We’d like to introduce a leg-swing exercise that can improve hip strength and range of motion in just five minutes a day.
It’s very simple to do! While holding onto the back of a chair, perform five movements—swinging your leg forward and backward, side to side, and moving your leg in a circular motion—each for 20 seconds, and repeat the set twice.
Just this alone helps develop the strength to support your lower back, the ability to steady yourself when you wobble, and your overall balance.
You can do it at home anytime without worrying about the weather or temperature, so it’s highly recommended.
[For Seniors] Exercises to Walk Again.
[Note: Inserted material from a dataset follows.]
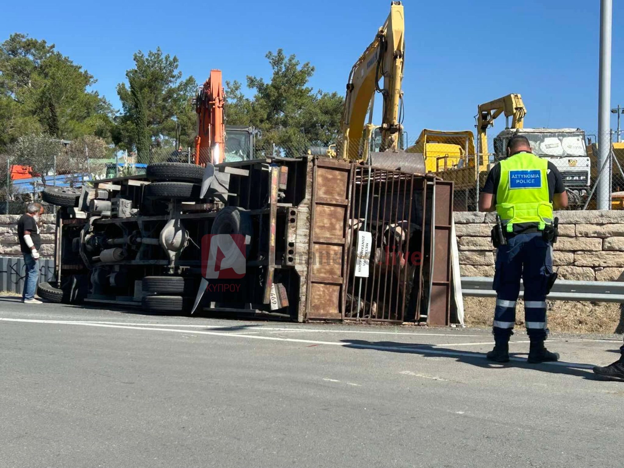 Οι δύο αγελάδες διέφυγαν από φορτηγό όχημα με το οποίο μεταφέρονταν και του οποίου ο οδηγός έχασε τον έλεγχο, με αποτέλεσμα το φορτηγό να κινηθεί και να ανατραπεί εκτός του δρόμου.

Fall Prevention (11–20)
Ankle flexibility exercises

If your stride is short and you take quick, tiny steps when you walk, your ankles might be stiff.
So this time, we’ll introduce stretches to loosen up the ankle area.
First, use a desk or the back of a chair to stretch your calves.
Do it slowly on both sides, without overexerting yourself.
Next, focus on the ankles.
While holding onto the back of a chair as before, lift your toes as if stretching your calves, then tilt your foot to the side.
You should feel the muscles around your ankle stretching.
You can get a similar effect by placing your foot on a chair and pressing down as if you were stepping on a car’s accelerator.
To get your ankles working, it’s also important to support your body by moving it forward and backward while actively moving your toes and heels.
These exercises are simple, but you can expect results if you keep at them.
Toe strength training

If you feel like you’re getting more unsteady when you stand up or start walking, the cause might be that your weight is centered on your heels.
This time, we’ll introduce toe-strength exercises that help firmly support your body, along with exercises to prevent your center of gravity from shifting backward.
Prepare a chair and stand facing it.
Place your feet shoulder-width apart and perform a forward-bending motion as if to touch the chair seat, 10 times.
Be careful not to bend your knees.
Next is a glute exercise.
Stand with your heels and thighs together, tighten your buttocks, and then move your hips forward and backward while keeping them engaged.
You’ll see better results if you continue regularly, so try to do these consciously.
toe and heel raises

Here’s an exercise to lift the toes and heels that can help prevent falls.
By strengthening the muscles in your toes and heels, you can reduce the risk of tripping on steps or uneven surfaces and improve the push-off action when walking.
It can also boost circulation and help reduce swelling.
Sit in a chair and, keeping your heels on the floor, lift your toes; then lift your heels.
Do each movement 10 times.
Because it can be done while seated, it’s an accessible exercise even for older adults who find standing difficult.
Gluteus medius training

As we get older, it inevitably becomes harder to maintain our balance.
For older adults who feel their balance has been declining lately, I recommend training the gluteus medius.
You can do it standing, and it’s a routine you can continue without overexertion, so it’s reassuring.
Strengthening the mid-gluteal area helps stabilize your walking and can reduce the risk of falls.
The exercises I’m introducing today can be done a little each day, so they’re easy on the body.
Hold onto a chair or something stable, and move one leg at a time.